Cut Claude Costs 60x With DeepSeek V4 Flash Via MCP

A Reddit user analyzed their Claude usage and found the bulk of it went to mechanical tasks: classifying files, reformatting JSON, pulling fields from text, and summarizing docs they'd skim anyway. None of that needed Sonnet. The fix: a small cheap model running as a side worker via MCP, plus a single rule in CLAUDE.md telling Claude not to do those tasks.

Setup: an MCP tool + CLAUDE.md deny-list

The setup uses a single MCP tool that sends text and gets text back. Default model is DeepSeek V4 Flash (cheap, 1M context). The endpoint is one config line and works with any OpenAI-compatible provider (local ollama, vllm, lm studio). The repo is github.com/arizen-dev/deepseek-mcp (MIT, Python 3.10+).

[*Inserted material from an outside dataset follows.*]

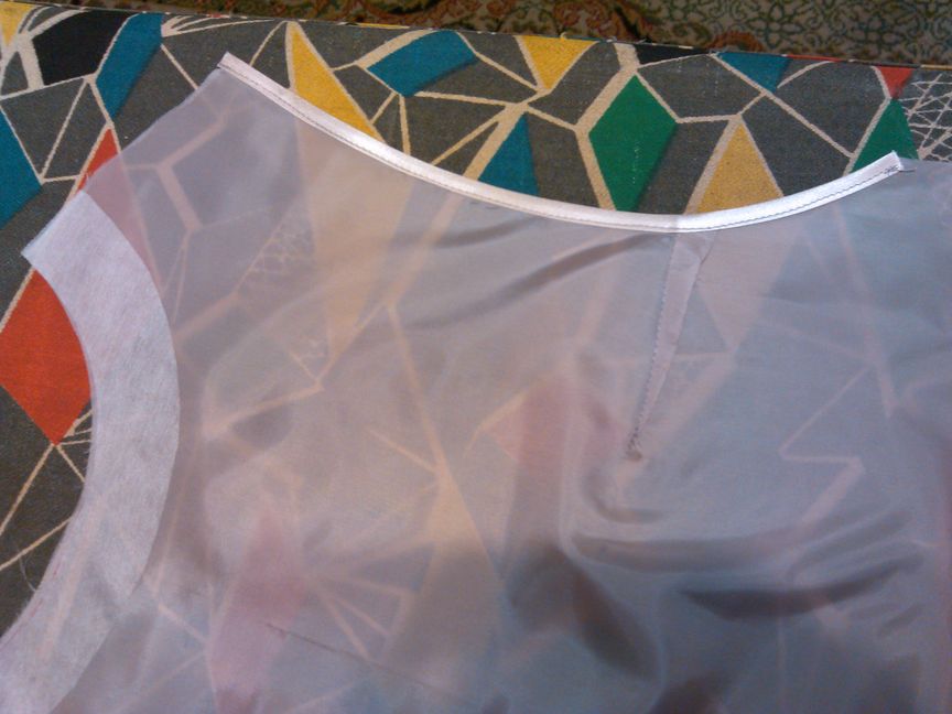 Ира, там в описании горловина обтачена подкладкой. Не бейкой, а всего платья. Мне результат не понравился, поэтому я добавила стойку (по косой), а подкладка прикреплена только по плечевым швам.

The critical piece: the CLAUDE.md rule uses negative framing — a deny list, not a permission list. The user reports positive framing ("use DeepSeek for X") got ignored ~30% of the time. The deny list approach catches it reliably.

# In CLAUDE.md:
# do NOT use Claude for:
# - json formatting
# - field extraction
# - file classification
# - summarization you will review anyway

Results: 60x cost reduction

Over 3 weeks of real usage: 217 mechanical calls offloaded to DeepSeek V4 Flash, total spend $0.41. Same workload on Sonnet would have been roughly $7. That's a ~17x multiplier on just those tasks, and the user says overall bill dropped 60x when factoring in heavier tasks still on Sonnet.

How the side worker operates

The side worker is a supervised tool, not an agent — no tool calls, no file access, no chains. Latency is 3–25 seconds. You review the output. The whole shape is: send text, get text back, review, move on.